Dunedin resident Keith Jarvie (54) said he had always wanted to ride the rail trail but had been in a wheelchair since suffering a rugby injury in 1986.
He had planned to ride the trail in a golf cart but the Department of Conservation would not allow it. But then he heard of the electric Striker hand bikes and contacted the New Zealand Rugby Foundation.
The foundation, a welfare organisation that provides care for catastrophically injured players, provided funding for two bikes, to be based in Dunedin and Alexandra.
Mr Jarvie was building his strength before taking on the trail, he said.
Holden Engineering manager Shanon Arnold said he imported the bikes from Germany.

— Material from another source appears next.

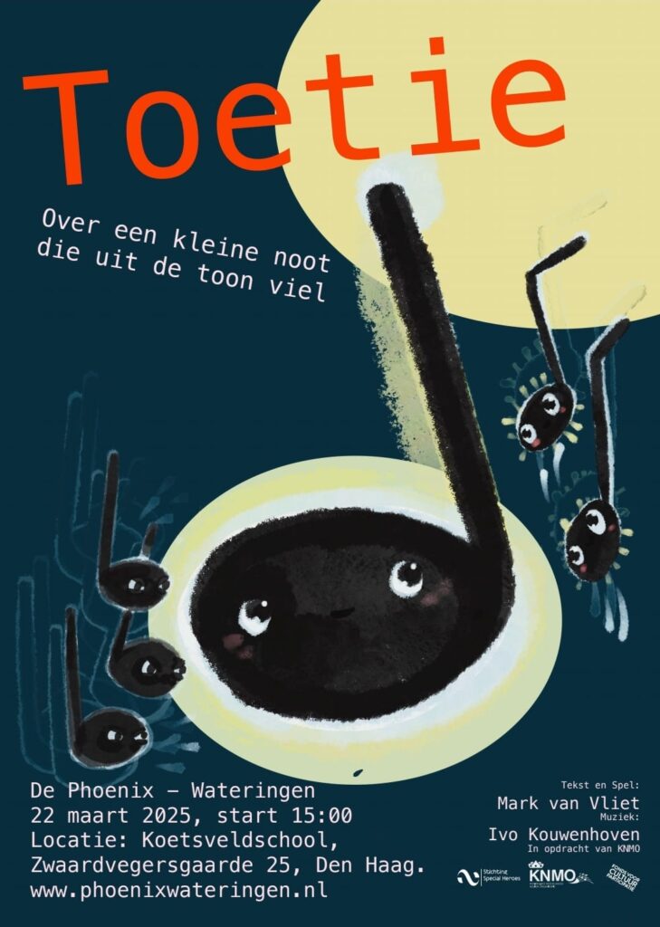 Toetie is de betoverende muziektheatervoorstelling voor kinderen waarin humor, avontuur en een diepere boodschap samenkomen. Theatermaker Mark van Vliet neemt je tijdens de voorstelling mee in het verhaal van Toetie, de kleine kwartnoot met een grote nieuwsgierigheid.

The 16-speed ''mountain drive'' system on the bikes could reach speeds of 20kmh, he said.
The bike would not go up Baldwin St but would handle the rail trail, Mr Arnold said.
Riders could change gears on the bike with their chins, he said.

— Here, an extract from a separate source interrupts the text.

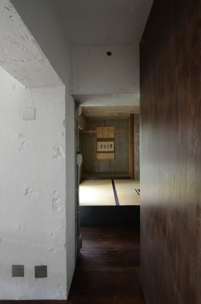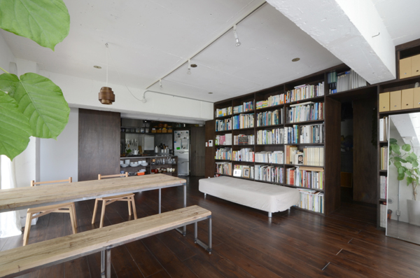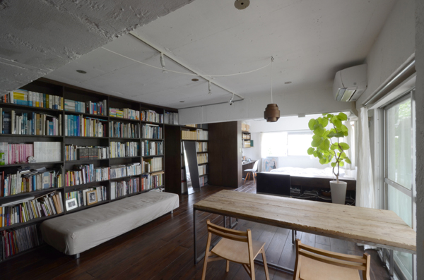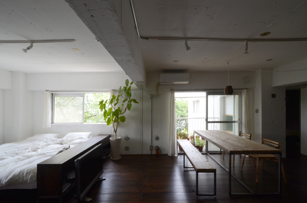 築37年のレトロモダンな集合住宅一室のリフォームです。 ここでは、解体後の既存躯体を活かしつつ、下地材や仮設材といった一般加工前の「気取らない素材」を選び、白とダークブラウンに染色することで普段の日常を落ち着いてくつろぐげる雰囲気に醸しだしました。

A bike cost between $10,000 and $15,000 depending on functionality, Mr Arnold said.
The front of the bike disconnected and then the back could be used like a wheelchair. A rider could ride to a restaurant, unclip the front of the bike and go inside to eat, he said.
The bikes were available for lease, short- or long-term, and were free for anyone in a wheelchair, Mr Arnold said.
However, there was a small fee for the technician to set the bike up for the rider, he said.